> EXERCISE REQUIREMENTS: Repeat the listing that follows exactly. Pictures are not part of the copy.

> PROVIDED RECORDS:
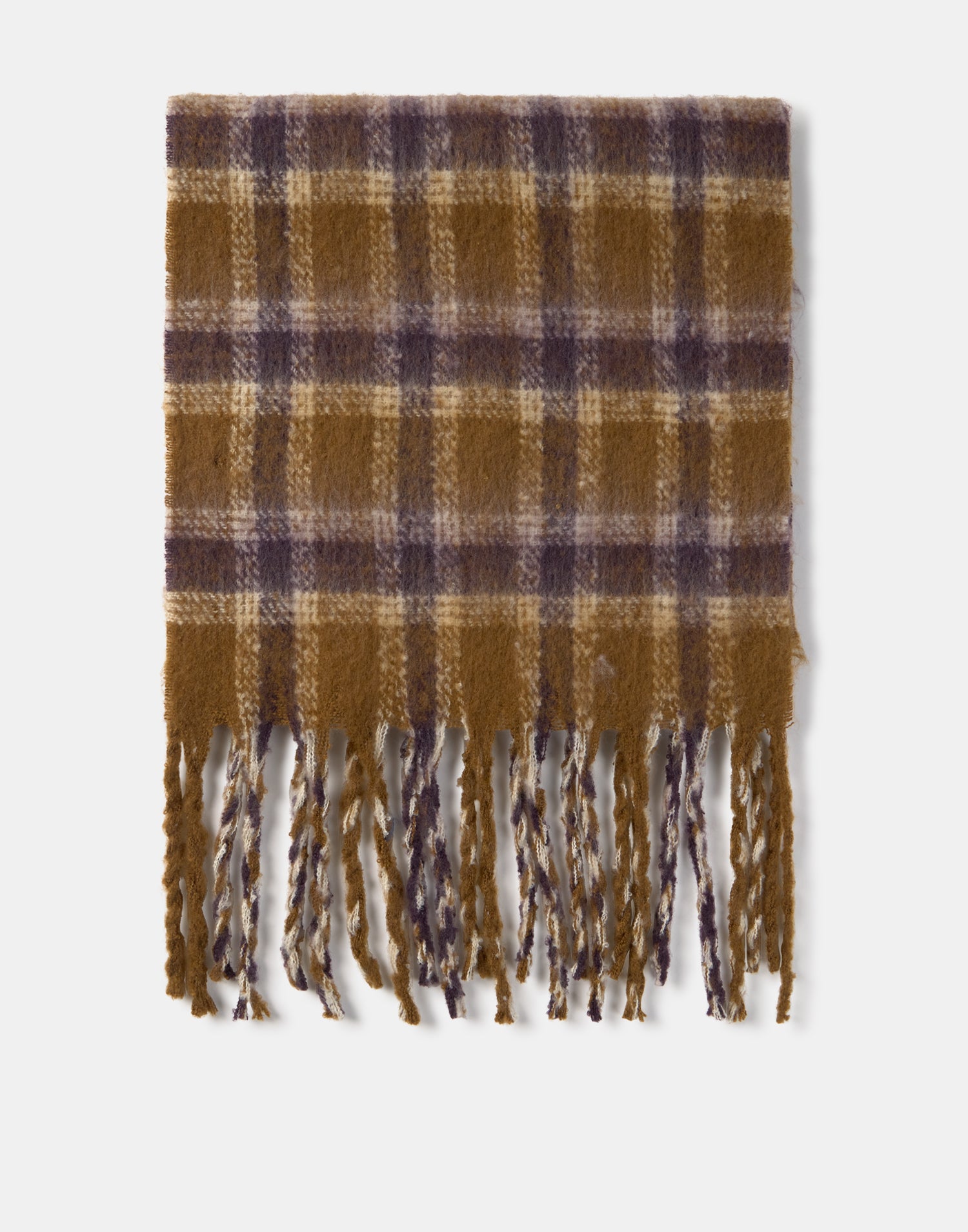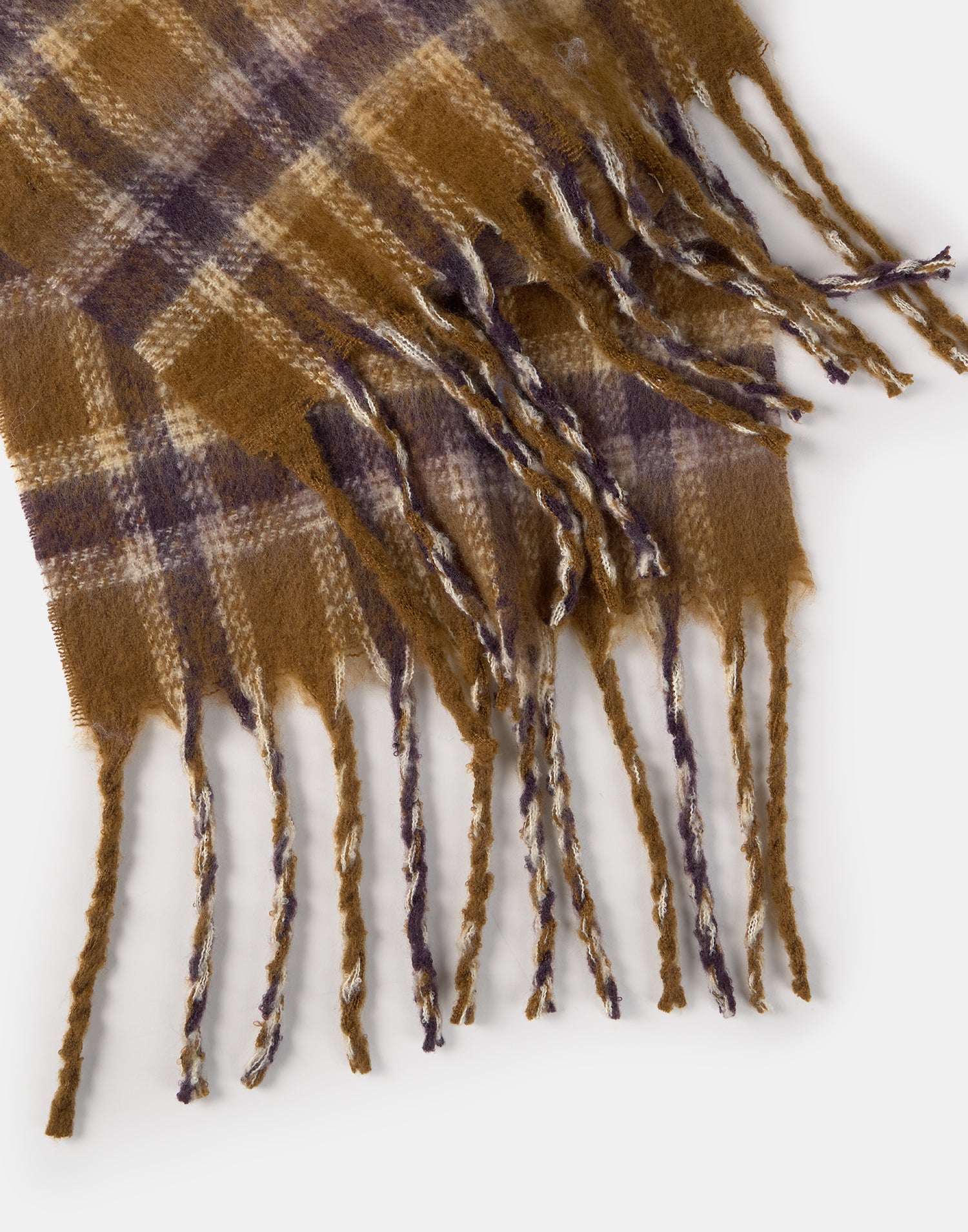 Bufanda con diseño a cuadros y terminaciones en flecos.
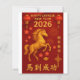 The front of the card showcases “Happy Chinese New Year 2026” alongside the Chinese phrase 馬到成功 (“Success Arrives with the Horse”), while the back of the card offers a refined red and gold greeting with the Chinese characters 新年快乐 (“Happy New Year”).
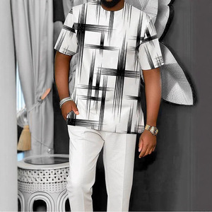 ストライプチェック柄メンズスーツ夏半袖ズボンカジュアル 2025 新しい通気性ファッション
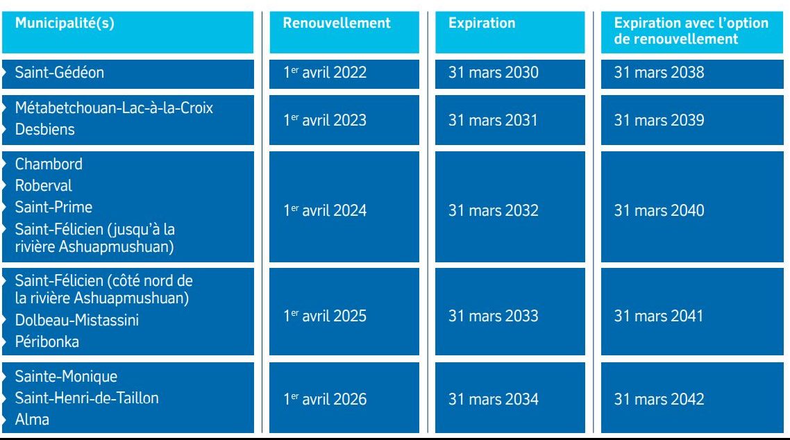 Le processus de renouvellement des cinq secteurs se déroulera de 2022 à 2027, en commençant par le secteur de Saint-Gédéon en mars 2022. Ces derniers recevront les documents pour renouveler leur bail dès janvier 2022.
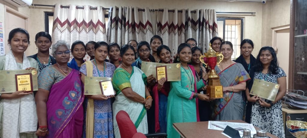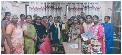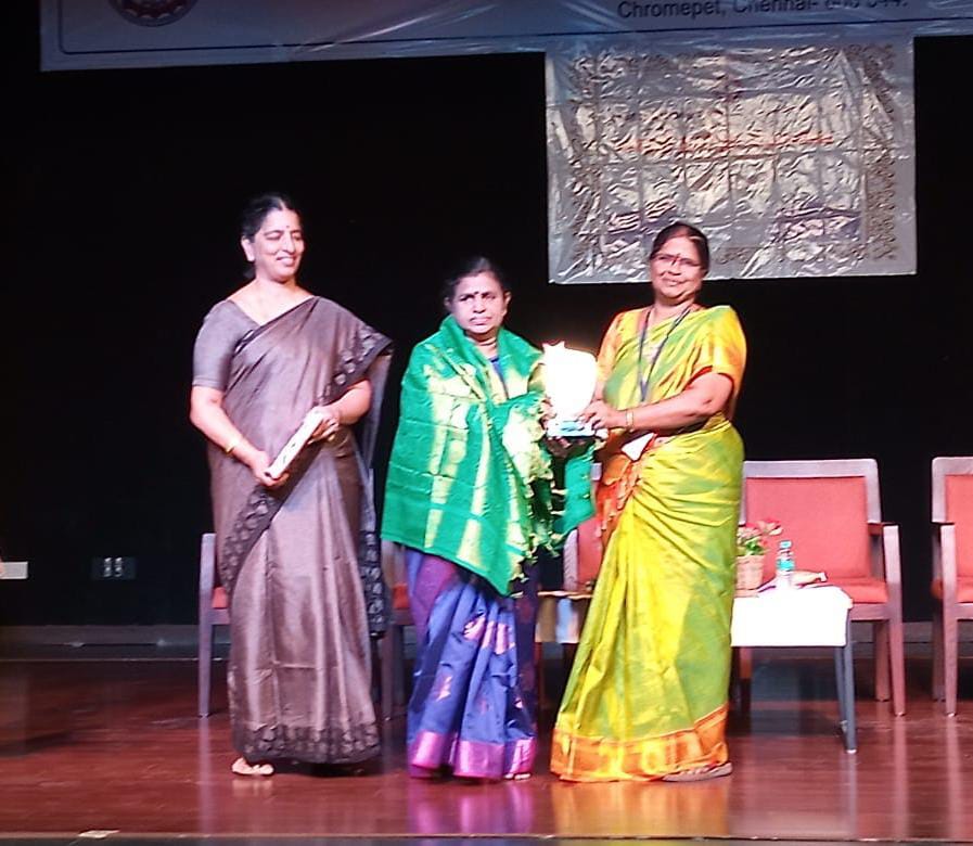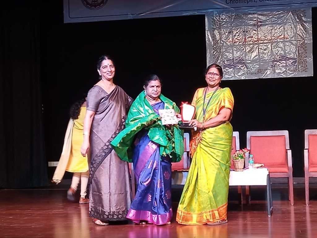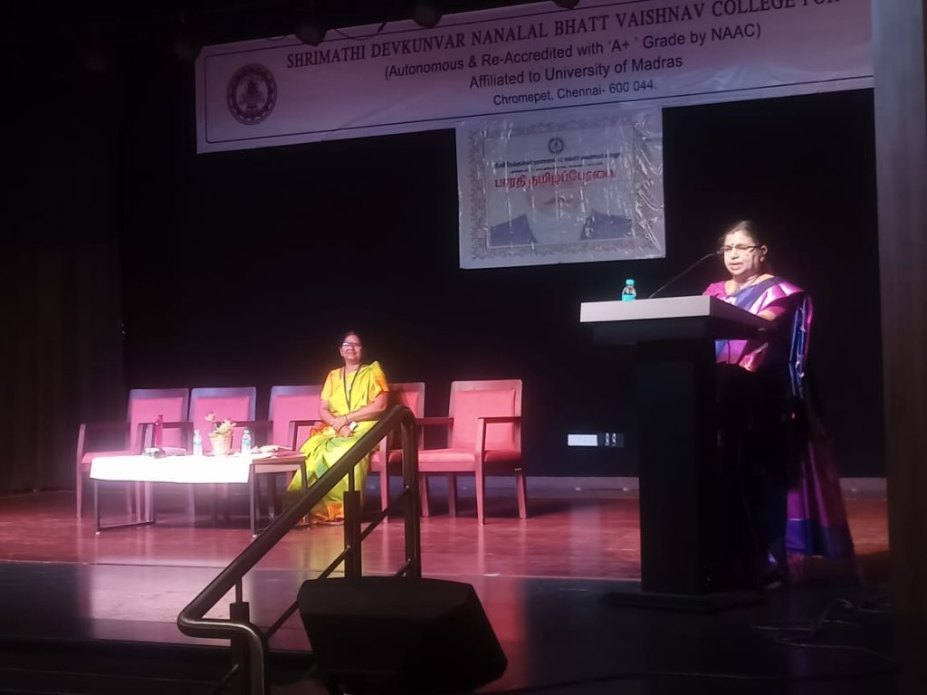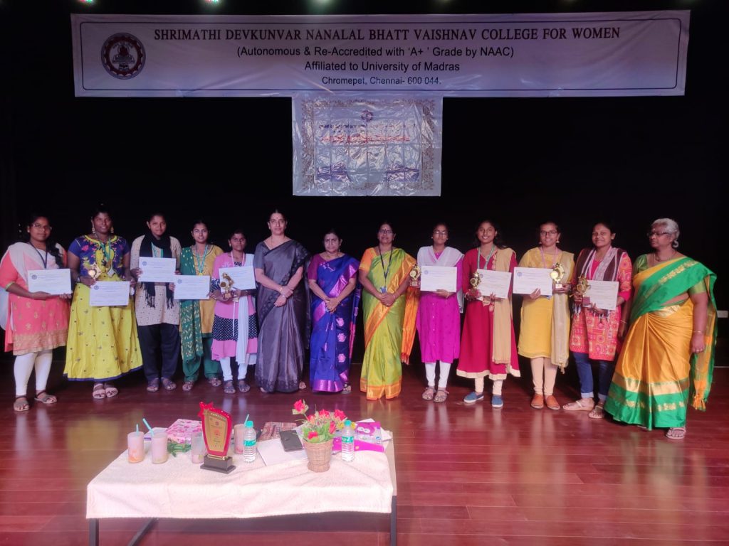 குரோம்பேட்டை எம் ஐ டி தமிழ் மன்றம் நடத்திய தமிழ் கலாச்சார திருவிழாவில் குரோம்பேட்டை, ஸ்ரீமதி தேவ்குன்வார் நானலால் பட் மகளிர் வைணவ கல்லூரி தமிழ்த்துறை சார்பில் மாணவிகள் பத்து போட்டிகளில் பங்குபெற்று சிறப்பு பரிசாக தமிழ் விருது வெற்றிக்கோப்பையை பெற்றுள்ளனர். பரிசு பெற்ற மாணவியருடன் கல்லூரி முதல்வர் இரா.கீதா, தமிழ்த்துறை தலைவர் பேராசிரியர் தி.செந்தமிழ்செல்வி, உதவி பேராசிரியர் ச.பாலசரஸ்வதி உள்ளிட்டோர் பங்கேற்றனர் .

> RESULT:
 Bufanda con diseño a cuadros y terminaciones en flecos.
 The front of the card showcases “Happy Chinese New Year 2026” alongside the Chinese phrase 馬到成功 (“Success Arrives with the Horse”), while the back of the card offers a refined red and gold greeting with the Chinese characters 新年快乐 (“Happy New Year”).
 ストライプチェック柄メンズスーツ夏半袖ズボンカジュアル 2025 新しい通気性ファッション
 Le processus de renouvellement des cinq secteurs se déroulera de 2022 à 2027, en commençant par le secteur de Saint-Gédéon en mars 2022. Ces derniers recevront les documents pour renouveler leur bail dès janvier 2022.
 குரோம்பேட்டை எம் ஐ டி தமிழ் மன்றம் நடத்திய தமிழ் கலாச்சார திருவிழாவில் குரோம்பேட்டை, ஸ்ரீமதி தேவ்குன்வார் நானலால் பட் மகளிர் வைணவ கல்லூரி தமிழ்த்துறை சார்பில் மாணவிகள் பத்து போட்டிகளில் பங்குபெற்று சிறப்பு பரிசாக தமிழ் விருது வெற்றிக்கோப்பையை பெற்றுள்ளனர். பரிசு பெற்ற மாணவியருடன் கல்லூரி முதல்வர் இரா.கீதா, தமிழ்த்துறை தலைவர் பேராசிரியர் தி.செந்தமிழ்செல்வி, உதவி பேராசிரியர் ச.பாலசரஸ்வதி உள்ளிட்டோர் பங்கேற்றனர் .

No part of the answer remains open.